↓

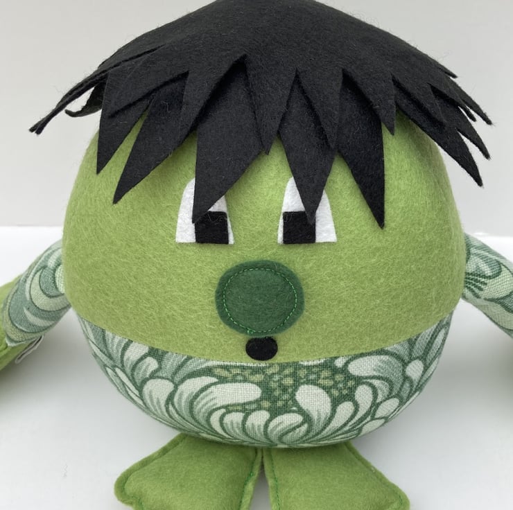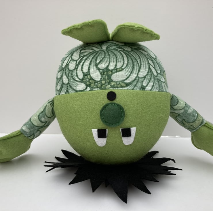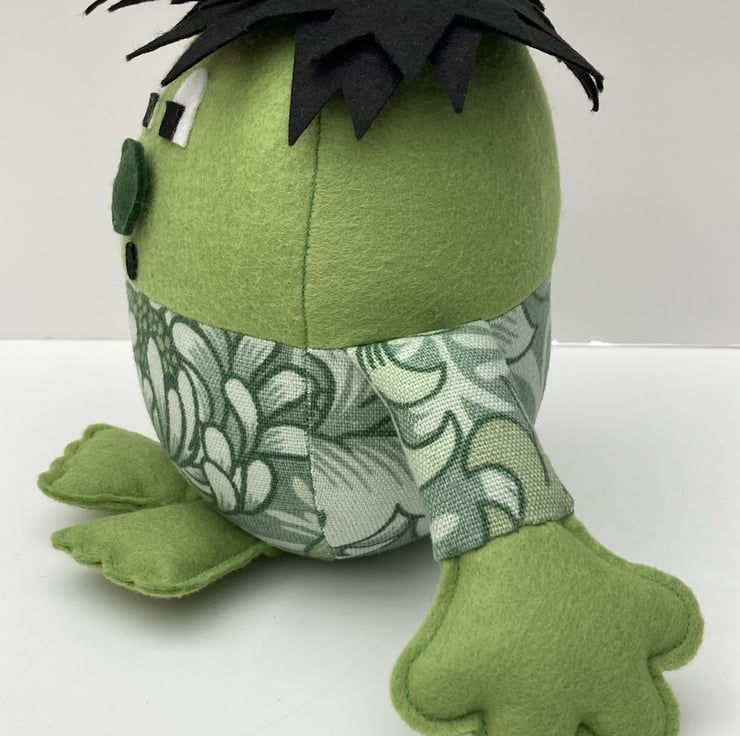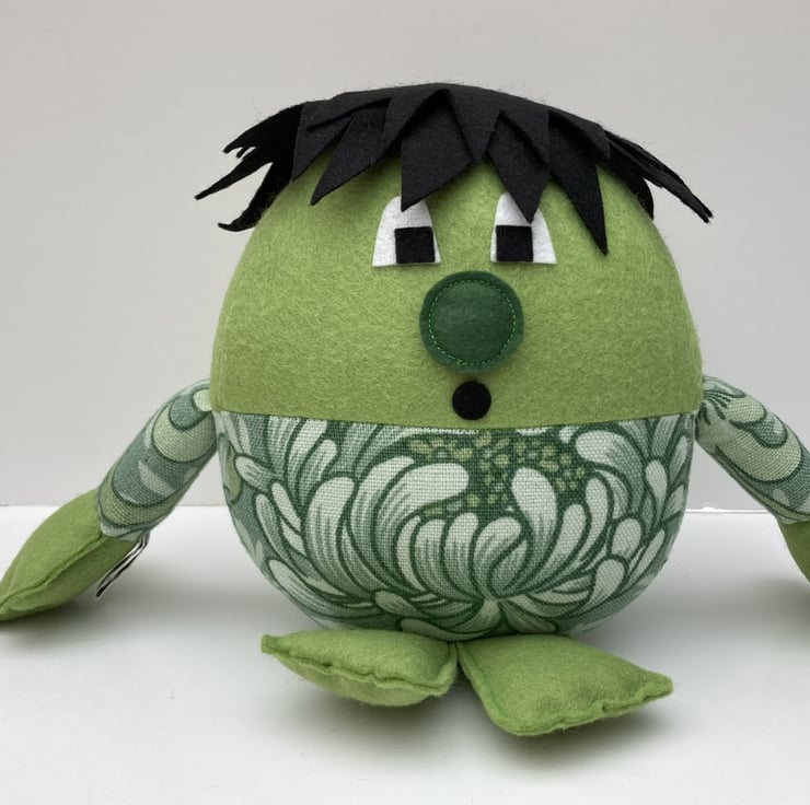 George is handmade by myself using original 1970’s Jonelle linen fabric called Medway designed by William Morris and wool felt.
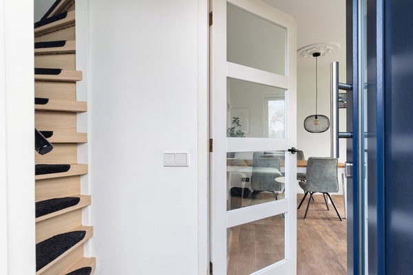 Entree/hal met toegang tot de woonkamer en trapopgang naar de eerste verdieping. Hier bevindt zich ook de meterkast met zeven groepen en glasvezelinternet.
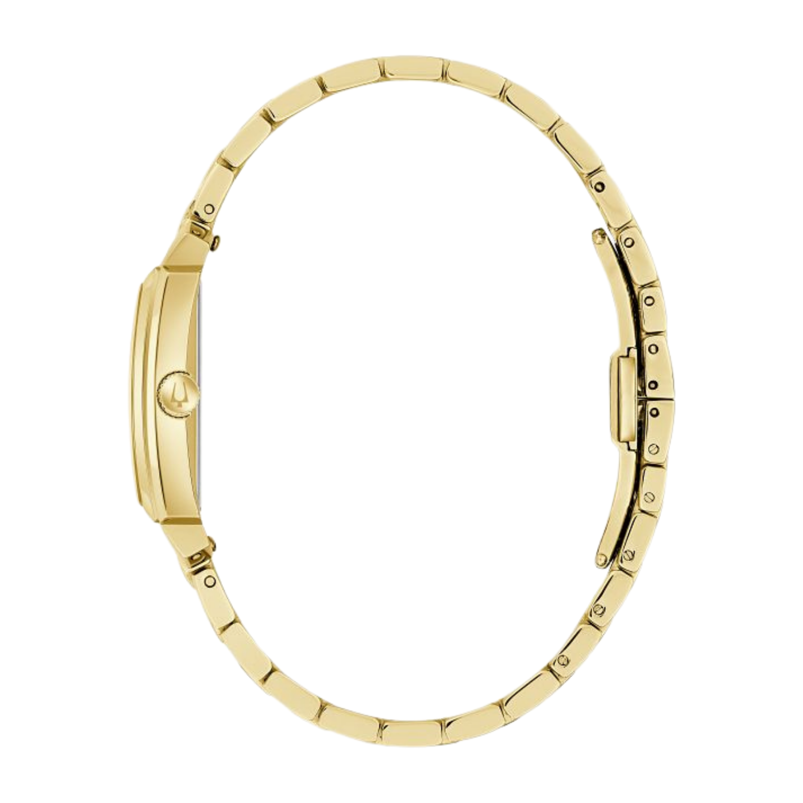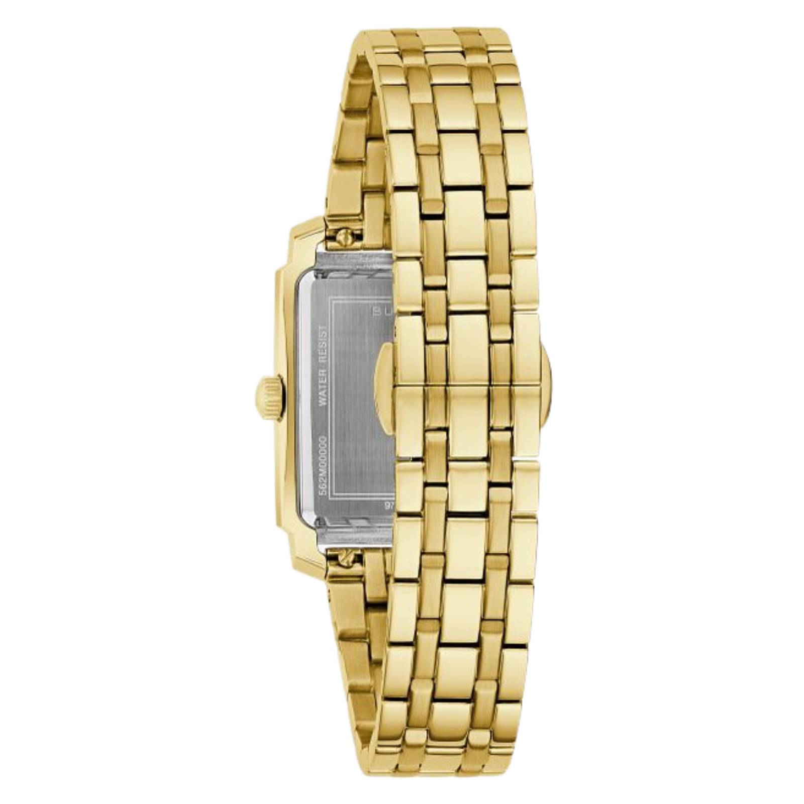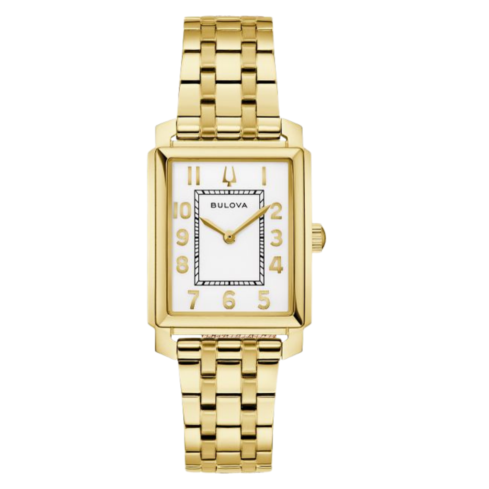 Embrace a refined elegance with this impressive Bulova women’s timepiece from the Sutton collection. Distinguished by a gold-tone stainless steel rectangular case, the watch features a mineral crystal and a finishing that dazzles in the light. The brilliant white enamel dial is accented with applied gold-tone numerals and hands for a look of true sophistication. A matching five-link gold-tone stainless steel bracelet features a deployant closure with pushers for a perfect fit and latched spring bars for easy release. Experience an elevated sense of luxury with this Bulova ladies’ timepiece for the woman with an exceptional sense of style.
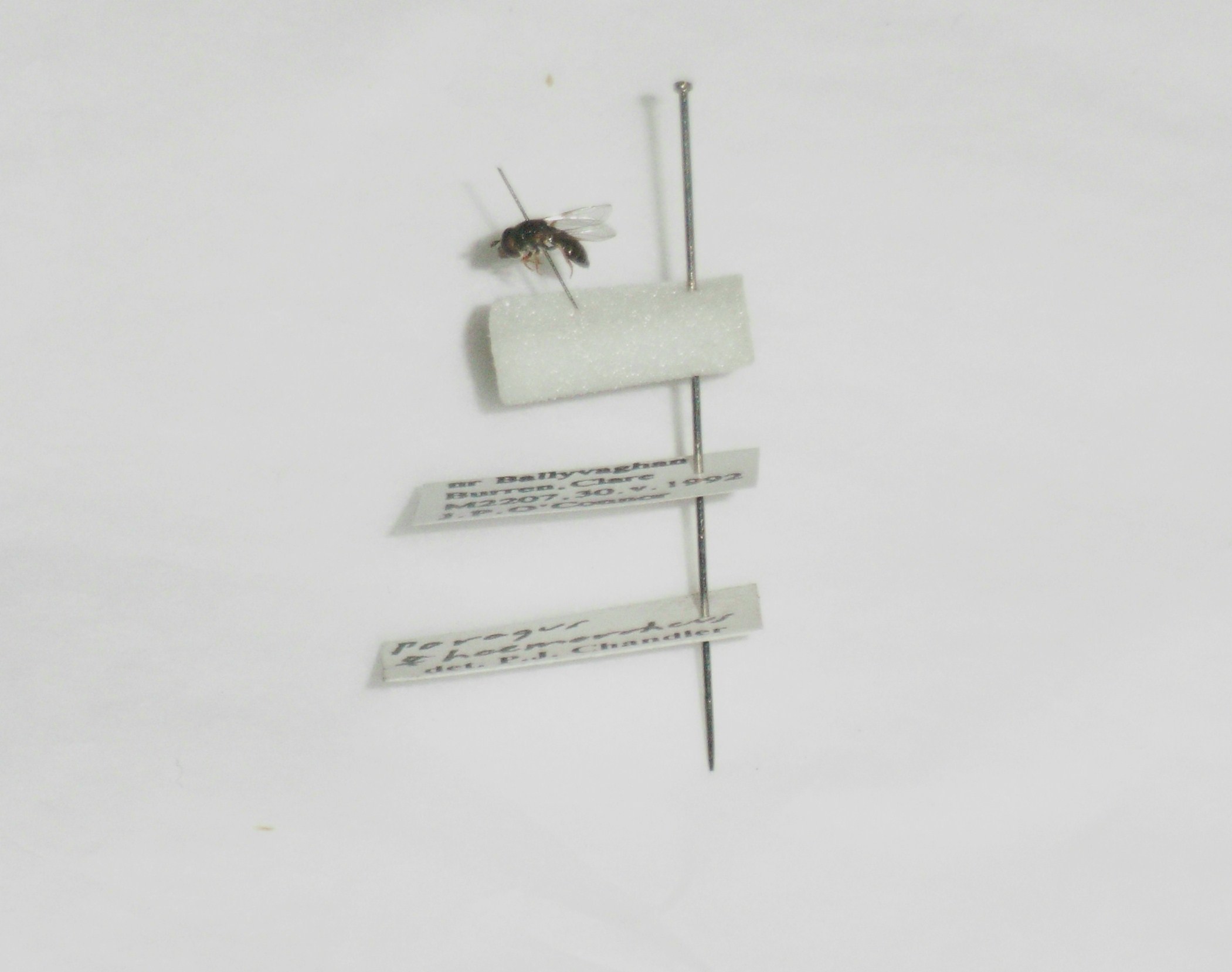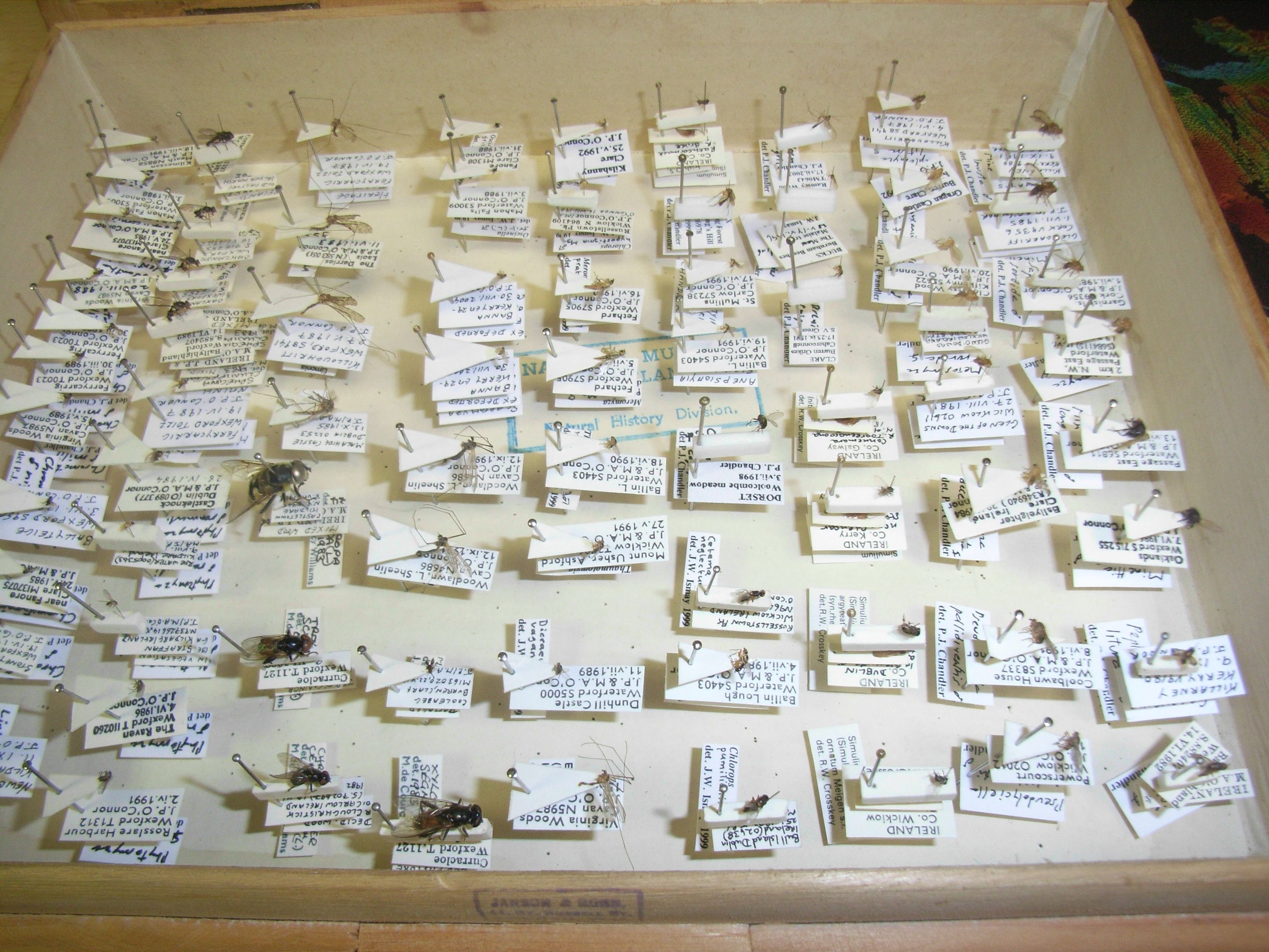 작은 곤충은 작은 조각의 비산성 삼각형 종이에 접착하는 포인트 마운트 방식을 사용한다. 곤충을 건조할 때는 핀을 사용하여 폼 블록 위에 곤충을 펼쳐서 건조하고 위치를 유지한다. 곤충 라벨은 위치, 추가 위치/바우처 라벨/접수 번호, 곤충 식별 순서로 위에서 아래로 표시한다.[7]

↑

■ **Task brief**: Give back the material above exactly as written, but omit the images.

■ **Response below**:
 George is handmade by myself using original 1970’s Jonelle linen fabric called Medway designed by William Morris and wool felt.
 Entree/hal met toegang tot de woonkamer en trapopgang naar de eerste verdieping. Hier bevindt zich ook de meterkast met zeven groepen en glasvezelinternet.
 Embrace a refined elegance with this impressive Bulova women’s timepiece from the Sutton collection. Distinguished by a gold-tone stainless steel rectangular case, the watch features a mineral crystal and a finishing that dazzles in the light. The brilliant white enamel dial is accented with applied gold-tone numerals and hands for a look of true sophistication. A matching five-link gold-tone stainless steel bracelet features a deployant closure with pushers for a perfect fit and latched spring bars for easy release. Experience an elevated sense of luxury with this Bulova ladies’ timepiece for the woman with an exceptional sense of style.
 작은 곤충은 작은 조각의 비산성 삼각형 종이에 접착하는 포인트 마운트 방식을 사용한다. 곤충을 건조할 때는 핀을 사용하여 폼 블록 위에 곤충을 펼쳐서 건조하고 위치를 유지한다. 곤충 라벨은 위치, 추가 위치/바우처 라벨/접수 번호, 곤충 식별 순서로 위에서 아래로 표시한다.[7]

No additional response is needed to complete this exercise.